Sospirai e gli accarezzai le spalle, sedendomi accanto a lui. «Prova a vederla in questo modo: ora è andata in un posto migliore» dissi, con il tono più dolce e comprensivo del mio repertorio.

«È stata risucchiata dalle sabbie mobili, Mia. È circondata da letame, ossa di animali morti e fiamme dell'Inferno.»

Repressi l'istinto di prendere una palla di fango e schiaffargliela nelle mutande. «Ora esageri.»

«Galaxy era una purosangue. Aveva bisogno di molto affetto. Ora chi si prenderà cura di lei?!» Dio, non piò averlo detto sul serio.

«Kris,» parlai lentamente, ripetendo ciò che avevo intelligentemente affermato in precedenza, «ti rendi conto di star parlando di una macchina?»

Lui si voltò verso di me e puntò gli occhi annacquati sulla mia splendida figura ricoperta di lerciume. «Mia, non capisci un cazzo» sbottò improvvisamente. Il tono piagnucoloso era scomparso, sostituito da parole colme di disprezzo. «Secondo te come ci siamo arrivati qui?! Con una macchina! ‒ Si bloccò, pensoso. ‒ A meno che un'astronave aliena non ci abbia preso con sé e ci abbia portato qui. Comunque... come torniamo a casa, senza un mezzo di trasporto?!»

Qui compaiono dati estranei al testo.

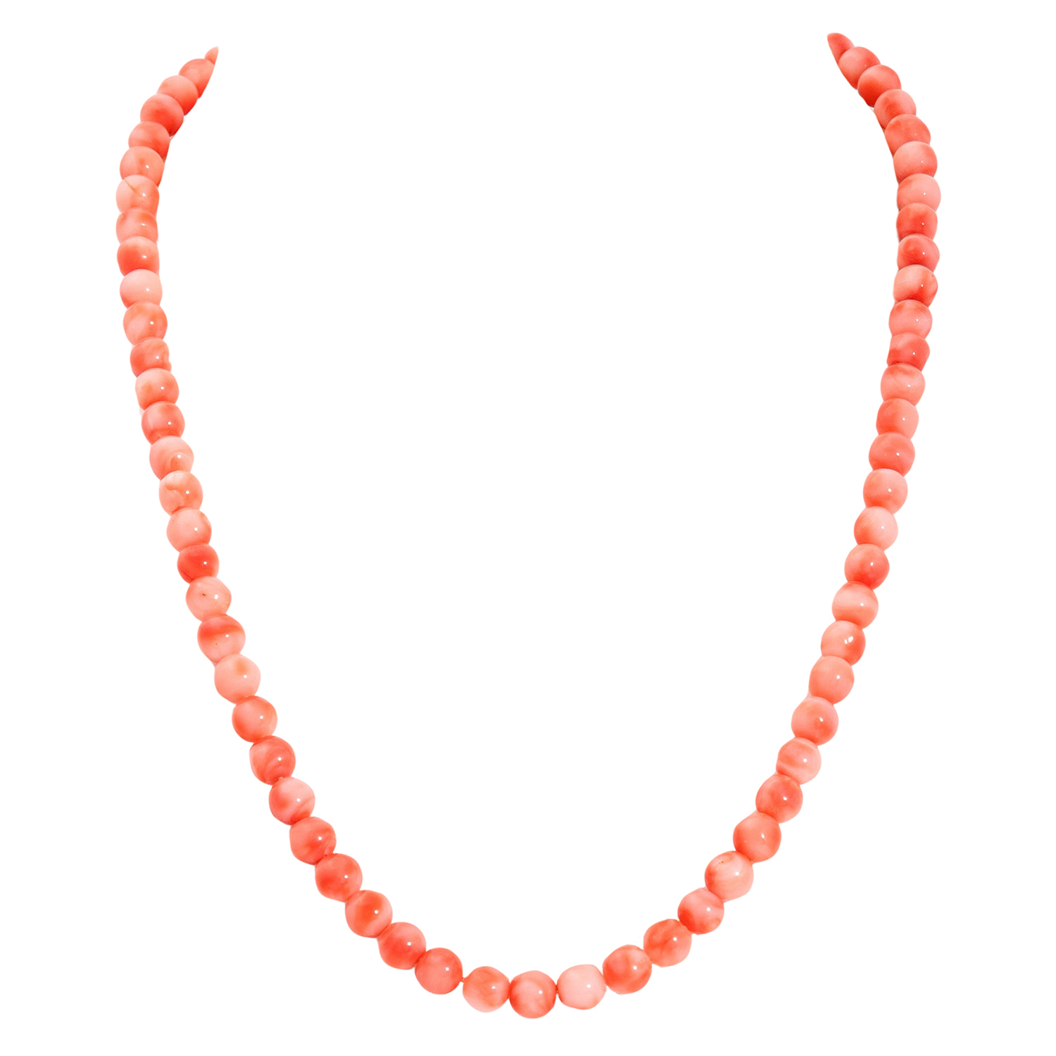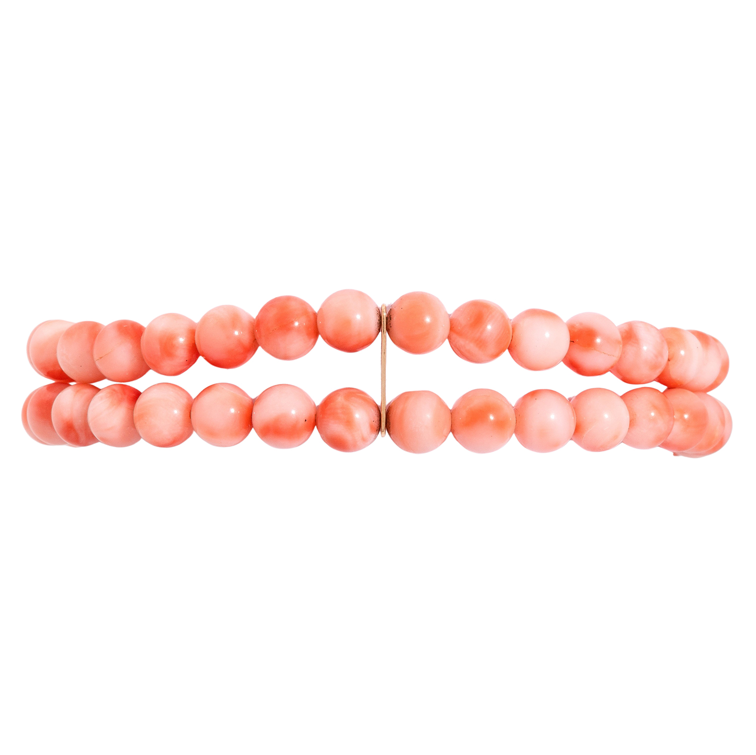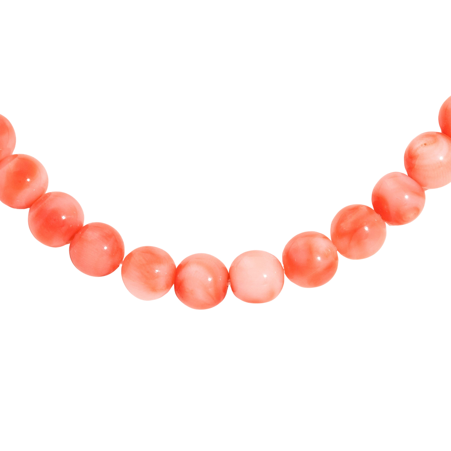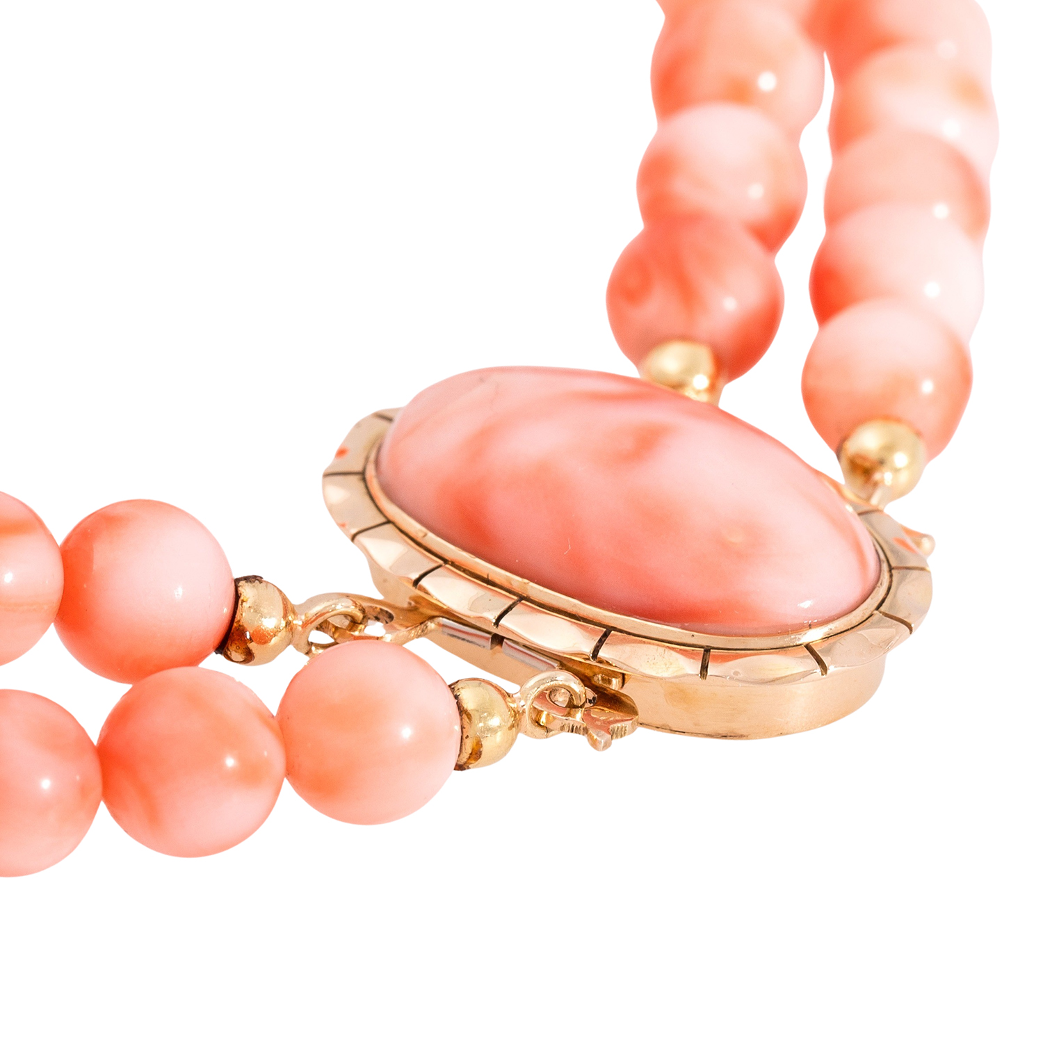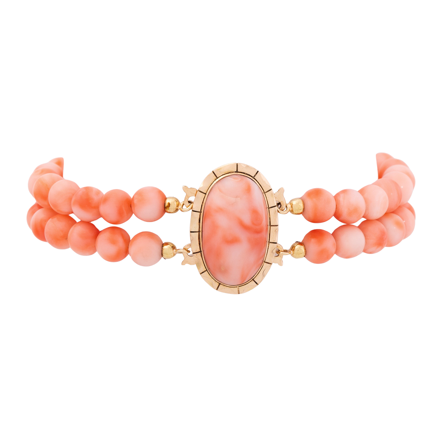 Jewellery Set: Coral necklace and bracelet, necklace of 73 coral beads, d: 6.8 mm, corals partly with cracks, clasp YG 18K, 32 g, L: ca. 50 cm, bracelet, 2-row, 54 coral beads, clasp YG 18K, set with coral cabochon, 24.7 g, L: 19.5 cm, 20th century, good condition. IMPORT/EXPORT RESTRICTIONS OUTSIDE THE EU!
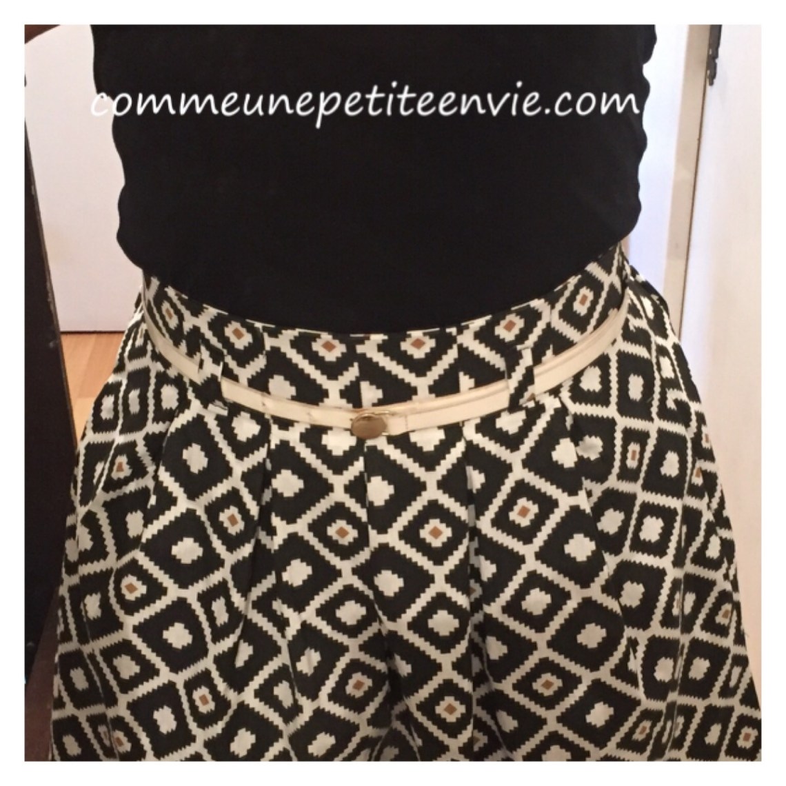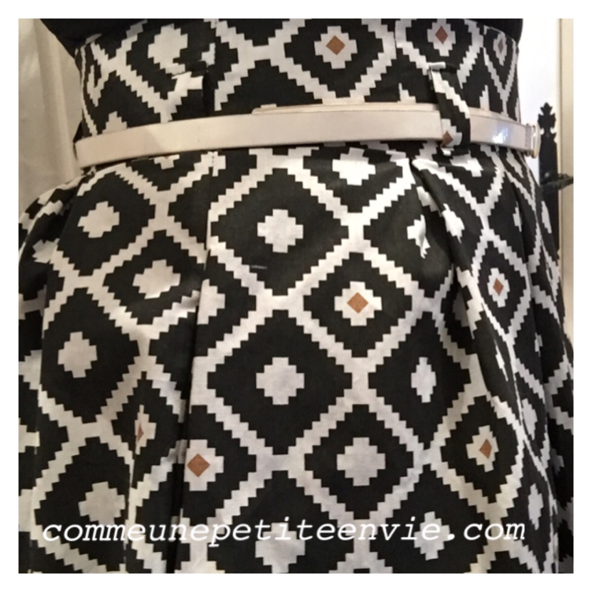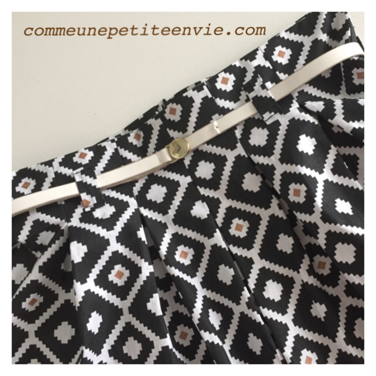 Revenons à la jupe. Il s’agit d’un modèle taille haute à plis plats, muni de poches. Le patron comprend 2 versions : une avec passepoil sur la partie basse et l’autre sans.

Oh, cazzo. Per la prima volta in tutta la sua esistenza aveva ragione. Alzai le braccia e proruppi in un urlo disumano. «No, Galaxy!» gridai, stravolta. «Non puoi abbandonarci in questo modo! Che fine ha fatto il bisogno di aiutare il prossimo?! ‒ Gattonai disperatamente verso la pozza di morte che aveva trascinato l'auto negli abissi dell'Inferno. ‒ Ti prego, torna da me!»

«Ehi!» obiettò la Torre, furente. «Galaxy è la mia macchina!» Calcò con uno strillo da mestruata l'aggettivo e diede un pugno al terreno. La melma schizzò da tutte le parti ed una buona parte di essa gli insudiciò il volto.